Sem transparência sobre os motivos de despejo
Pode-se supor que o governo deve ter um motivo muito bom para esforçar-se tanto para remover a Favela do Metrô. Mas a Prefeitura até hoje não ofereceu uma explicação consistente para essas remoções, ao invés disso fazendo promessas conflitantes ao longo dos últimos quatro anos. O rumor mais persistente foi que o governo queria transformar a Metrô em um estacionamento para o Estádio do Maracanã para a Copa do Mundo. Eomar relatou, “Além disso, houve muitas estórias. E agora também. Estão dizendo que estão fechando ali para fazer estacionamento… Mas isso não é certeza. O pessoal que trabalha aqui comenta”.
Há duas semanas, os trabalhadores da Secretaria Municipal de Obras começaram a trabalhar no limite mais distante da Metrô. Mais uma vez, os empresários e ex-moradores não foram informados sobre esta nova construção. Quando aproximado, um dos trabalhadores disse que a área vai ser um “estacionamento para as Olimpíadas”. Isso contradiz o decreto municipal de setembro do ano passado, que declarou que a área se tornaria um complexo de oficinas mecânicas e um parque. Esta mudança de história mais recente reflete a falta de vontade do governo a admitir que até agora não foi produzido nenhum resultado, apesar de ter gerado algumas das remoções mais desumanas dos últimos anos.
Os trabalhados da Secretaria Municipal de Obras presente na Metrô representa apenas uma fração de 2.000 pessoas empregadas pela Prefeitura para realizar demolições e construção em nome da Prefeitura. Muitos desses trabalhadores moram em favelas. Questionado sobre como ele se sentia em relação a realizar as demolições de casas de moradores em outras comunidades, um trabalhador respondeu: “É constrangedor”.
A pressão sobre as empresas para sair
Do lado da Metrô, os proprietários das micro-empresas ainda abertas, principalmente lojas de peças de automóveis e oficinas mecânicas, estão fazendo seu melhor para permanecer abertas.
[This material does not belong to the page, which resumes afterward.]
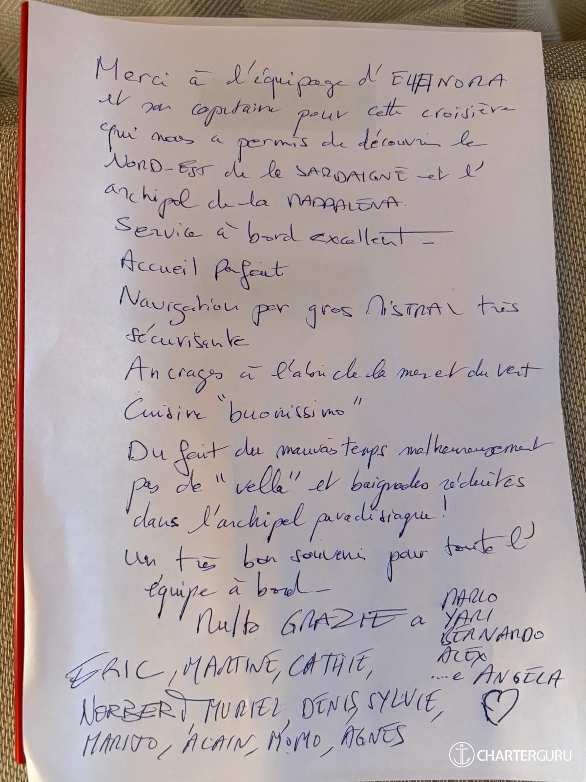 SEASON 2026 Main Base Sardinia Italy ( possibilities around Western Mediterranean sea) Others base are available in Sicily and Amalfi coast Check in starting from 6.30 pm – check out before 9 AM - Low season euro 33.000 pw plus vat - High season euro 39.900 pw plus vat (1.07 – 31.08) The above prices include: • Insurance of the yacht, wages and food for the crew (5 persons), service on board • linen, towels, sun towels(bi weekly) and daily cleaning of the cabins • Water equipment on board (snorkeling, kayak, etc,) Mandatory Extras: Food Options - Half Board: Euros 550,00 per pax (first night Dinner and Breakfast and Lunch each day). - Extra Dinner: 80 euro - Children Discounts: up to 0-3 years free of charge. Drink Options: - "Non alcoholic” package: Euros 160,00 per pax/week (soft drinks, water, coffee, tea ) - “Local” package: Euros 275,00 per pax/week (local beers land wines, water,soft drinks, coffee, tea, and local alcoholic drinks) - "Drinks from yacht’s bar": Cocktails are per use purchase aboard. Corkage fee for beverages supplied by clients: Euros 950,00 per week/booking A.P.A.: A.P.A. 30 - 35 % of Charter Fee A.P.A. (Advance Provisioning Allowance) To cover following costs, but not limited to: fuel for the main engine and generators; fuel for cruising; fuel for tender and water sports equipment; berthing dues and other harbor charges including pilots ’fees, local taxes, divers’ fees, customs formalities, charges for waste disposal, charges for water and electricity taken from shore; shipping agents’ fees where applicable; Charter Party personal laundry; Charter Party communications and internet use; hire or purchase costs of any special equipment placed on board at the Charterer’s request, shoreside transport and excursions, national park entrances and other costs for services requested by Charter Party during the charter and all other costs not specified as included. A.P.A is paid by the Client in addition to the charter fee for all relevant costs for the vessel that are not included in the charter fee. If A.P.A does not cover complete costs, the Client will pay exceeding the amount on board in cash. If costs made on charter are less than the amount is given as A.P.A, the amount that was not spent will be returned to the Client at the end of the voyage. A.P.A does not include tips for the crew - Port and Tourist Taxes From A.P.A. Fuel consumption: - 90 liter per hour for use of the main engines - 10 liter per hour for use of Generator Price as per daily fuel prices. Non-Mandatory Extras: Tips: 10- 15% from charter price is recommended. Additional Motorized Water Sports: From A.P.A. ( around euro 120 per hour ) Other Options on request: Land transfers, fishing licenses, guided tours, excursions, restaurants, bike rentals, car rentals. Payments: 50% of charter fee on confirmation of the reservation Remaining 50% of charter fee 4 weeks prior to departure. Food and drink options plus APA 4 week prior to departure Suggested Airport: Olbia, Alghero, CagliariWhat is the cabin arrangement of Elianora?

Para Eomar, o negócio “caiu 95 por cento” porque seus clientes eram os moradores da Metrô, e outros empresários não estão se saindo muito melhor. Embora o decreto municipal sobre a utilização de espaço na Metrô confirma o direito destas oficinas mecânicas a permanecer como parte de um menor “Parque Linear Automotivo Metrô-Mangueira”, a Prefeitura está ativamente tentando empurrar as empresas para fora. Todo dia, um oficial vem multar todos os carros estacionados na rua sendo atendidos pelas oficinas. Estas multas variam de R$85, se forem pagas imediatamente, a R$127-130, se forem contestadas.
Eomar compartilhou sua própria experiência com essa nova tática. Em um momento durante as demolições, entulho tinha caído no seu carro, então ele o mudou para a rua. Foi multado prontamente. Para empresários que já estão sofrendo de renda em declínio e habitação mais cara, estas multas são uma ameaça grave à sua capacidade ao longo prazo de se manter à tona.
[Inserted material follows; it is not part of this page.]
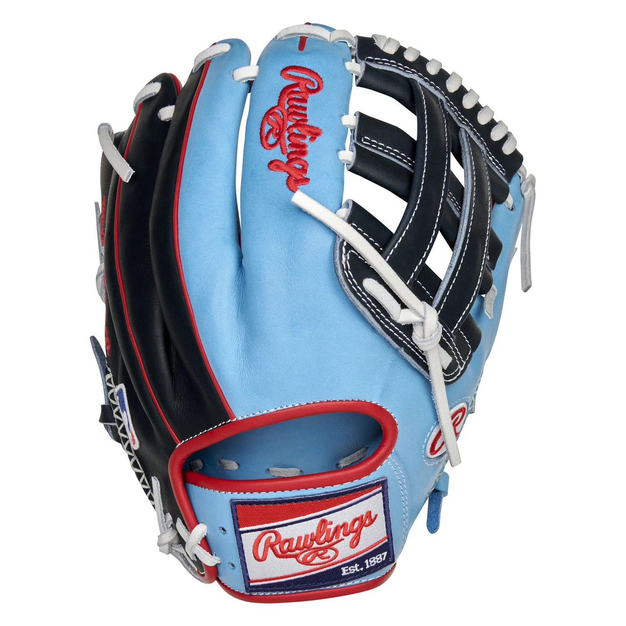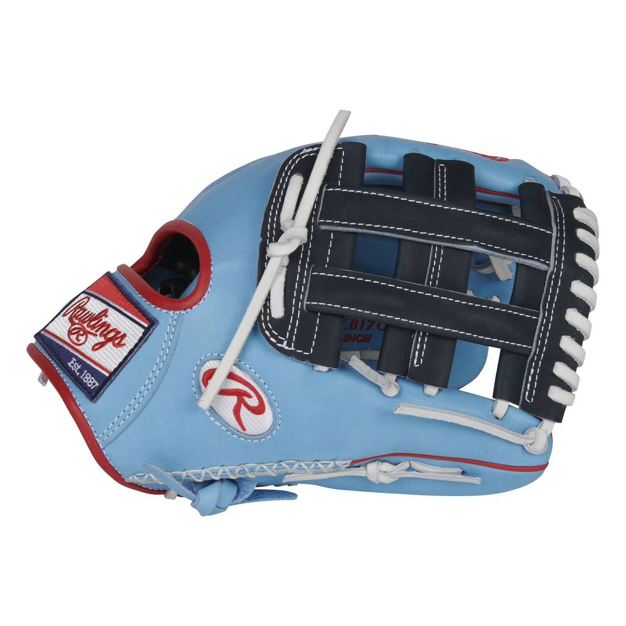 Add some color to your game with the Heart of the Hide R2G ColorSync 6.0 12.25-inch glove! Our designers crafted this gamer from ultra-premium steer-hide leather, and it has the perfect flash of style for any player. Like every R2G glove, it comes with with 25% more factory break-in so it’s ‘game-ready’ out of the box. Also, its interior features the same deer-tanned cowhide lining, padded thumb sleeve, and thermoformed wrist lining that give all Heart of the Hide gloves the superior fit and feel more pros trust. In addition to its interior features, this eye-catching Columbia blue and navy glove was also crafted in a 12.25-inch KB17-pattern, the game day model of superstar Kris Bryant. This pattern is a popular choice for utility players thanks to its deep round pocket that plays equally well in the infield or outfield. As a result, this ColorSync 6.0 glove offers the perfect combination of style and performance, and it will last you for years to come. This limited edition Heart of the Hide R2G ColorSync 6.0 12.25-inch glove won’t last forever, so order yours now – before it’s gone for good!

Antes que saímos, Eomar indicou dois pôsteres de futebol pendurados atrás dele–Cristiano Ronaldo de Portugal e Lionel Messi da Argentina–sem nenhum jogador brasileiro nem cores da seleção à vista. “Isso é o que eu sinto em relação à Copa.”
Eomar teve mais uma observação arrepiante. “Quer dizer, muitos moradores que moravam aqui, valem menos do que um estacionamento.” Um estacionamento que, entrando na reta final da Copa do Mundo, nem foi construído.